Previously, and in the example above, we imported data using the `open()` function and the `.read()`, and `.close` methods. In our first lesson on importing data, we were able to import data from a .csv file, but our result was just a string of text that contained the data but that had lost all of the data structure. Run the code below for a reminder:

In [None]:
openfile = open("data/Gradebook.csv","r")
grades = openfile.read()
openfile.close
print(grades)
print()
print(type(grades))

The library csv allows us to read or write a .csv file, of course. Looking at the <a href = 'https://docs.python.org/3/library/csv.html?highlight=csv'> documentation of the csv module</a> we see that many of the specific functions have to do with parsing particular formats of data. We are going to look at one particular form of reading in a csv in which our data will be converted to a dictionary format.
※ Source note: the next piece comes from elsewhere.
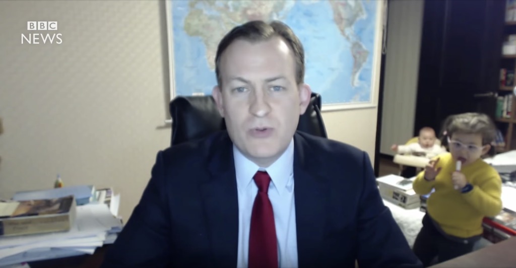 Robert Kelly, a political science professor and expert on Korean relations, often gives interviews from his apartment in Busan. When he does so, he typically locks the door to his study to keep out any unwanted commotion from his two young children. During one interview with the BBC, however, Kelly forgot to bar the hatch and—while the very serious-looking man discusses South Korean politics—they come bursting into the room, trying to get their father’s attention. Kelly, however, remains facing towards the camera, stone-faced, apologizing for the commotion. Soon thereafter, his wife comes running heroically into the background, snatching away the young ones just as Kelly begins to break a smile.

Later we will see that some of the future data handling libraries we encounter (*pandas* in particular) also contain functions for importing a .csv. 

In [None]:
import csv

grade_dict_list = []

# the line below creates a file object called csvfile (just like
## we created the file object 'openfile' in the example above)
## newline = '' prevents extra rows from being created on import, 
## don't worry about the details of that, just include it when you
## import a .csv file.

with open('data/Gradebook.csv', newline='') as csvfile:         
    reader = csv.DictReader(csvfile)     # function applied to file object
    print(type(csvfile))
    print(type(reader))                  # see types of objects created
    print()
    
    for row in reader:
        print(row)                       # each row is a dictionary
        grade_dict_list.append(row)      # make a list of the dictionaries
        
print()
print(grade_dict_list)                   # print list of dictionaries

#To retrieve the data we can walk through the lists 
    
for entry in grade_dict_list:              # each student is a dictionary                
    if entry['Student'] == 'Marie':        # match key to value
        print('Marie score for exam 3: ' , student['Exam3']) # print value we want
        

## Question: 
What did the dictionary reader function know how to do automatically? Is this more useful than having the data as a string? Why or why not?
    
* 
* 
* 

## the datetime library

The `datetime` library is extremely useful. It allows us to easily handle dates, times, and timezones within our programs. Look at the <a href='https://docs.python.org/3/library/datetime.html'>documentation for datetime</a>. Specifically scroll down to the documentation for *Available Types*. This shows us that datetime works by creating **objects** that represent times, dates, a combination, a difference between a time and a date, or a timzone. 





In [None]:
import datetime as dt         #this is the standard abbreviation  

date1 = dt.date(2022, 9, 17)
date2 = dt.date(year = 2022, month = 10, day = 31)
date3 = dt.date(day = 31, month = 10, year = 2022)
# date4 = dt.date(17,9,2022)

print(date1, '\n', date2,'\n', date3, sep='')
print(type(date1))
print()

# creating time objects

time1 = dt.time(11, 12, 42)
time2 = dt.time(hour = 23, minute = 12, second = 13)
time3 = dt.time(second = 13, minute = 12, hour = 23)
# time4 = dt.time(42, 11, 12)

print(time1, '\n', time2, '\n', time3, sep='')
print(type(time1))
print()

# creating datetime objects

dtime1 = dt.datetime(2022, 9, 17, 11, 12, 42)
dtime2 = dt.datetime(year = 2022, month = 9, day = 17 , hour = 23, minute = 12, second = 13)
dtime3 = dt.datetime(2022, 9, 17)

print(dtime1,'\n', dtime2, '\n', dtime3, sep='' )
print(type(dtime1))
print()

#extracting values from datetime objects

print(dtime1.year)
print(dtime1.minute)
print(type(dtime1.year))

### Question: 
Uncomment (one at a time) date4 and time4. Considering the result, as well as the output of the code without those lines, what have we learned about how the date and time objects can be created and how information is stored within them?
    
* 
* 
* 



A little consideration should allow us to realize that dates and times can't just be treated like ordinary numbers, particularly when it comes to doing time and date math. Times are based on cycles of 60 seconds, 60 minutes, and 24 hours. Calendars are extremely variable, with even the number of days within months varying between different months. 

## Question: 
Answer the following question using a calendar, AND list what you would have to consider to answer the following question programmatically using standard math with no datetime classes:

What date and time is it 3 days, 5 hours and 40 minutes after the following date and time:  February 27, 2024, 11:37 PM?
    
* 
* 
* 


This is a question about time and date math. This is something we might need to do in a computer program. For example, think about a data collection device that generates a time stamp each time data is collected. A user of that data might want to be able to easily calculate the average interval between data collections. 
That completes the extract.